Chi sono i protagonisti di questa terra? La regione è un concentrato di aziende di valore. Aziende storiche, sinonimo di grandi vini, come la blasonata Tasca d’Almerita, del conte Lucio e dei suoi figli Giuseppe e Alberto, bandiera dell’isola, e altre più giovani come quella dei fratelli Diego e Alberto Cusumano. Cantine già affermate sulla piazza internazionale, come Donnafugata della famiglia Rallo, tra le realtà più significative e apprezzate dell’isola e altre che hanno alle spalle poche vendemmie come la Tenuta di Serramarrocco del barone Marco Marrocco Trischitta, vignaiolo per passione oltre che manager della Aon, multinazionale di brokeraggio assicurativo. Altri esempi? Planeta, la cantina guidata dai cugini Alessio, Francesca e Santi Planeta, simbolo del successo del vino siciliano.

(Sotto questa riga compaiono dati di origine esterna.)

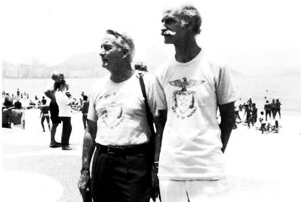
I consoci Luchini a Buenos Aires con la Sezione nel cuore

La Sezione di Napoli da un Continente all'altro ..... Dal Kilimanjaro ..... al Pan di Zucchero!

E, ancora, la cantina Benanti, culla dei vini dell’Etna; Zisola, prezioso investimento siciliano dei marchesi Mazzei, nobile casata toscana; Calatrasi, dell’ex medico convertito alla vigna Maurizio Miccichè; Tenuta Rapitalà, bella appendice siciliana del Gruppo italiano vini; Feudo Maccari proprietà dell’imprenditore tessile Antonio Moretti, che ha già raccolto successi con i vini della Tenuta Sette Ponti in Toscana; Settesoli, cooperativa di alta qualità.
Ben 65 tra le più importanti imprese del comparto vitivinicolo regionale si raccolgono in Assovini Sicilia, l’associazione presieduta da Lucio Tasca d’Almerita, che ha appena archiviato la quarta edizione di Sicilia en primeur, evento riservato agli addetti ai lavori (che assegnano un punteggio alla qualità dell’ultima vendemmia) che rappresenta uno dei più efficaci trait d’union del vino siciliano con le piazze internazionali.
Il rating della vendemmia 2006? Cinque stelle, ovvero meglio di così, non si può.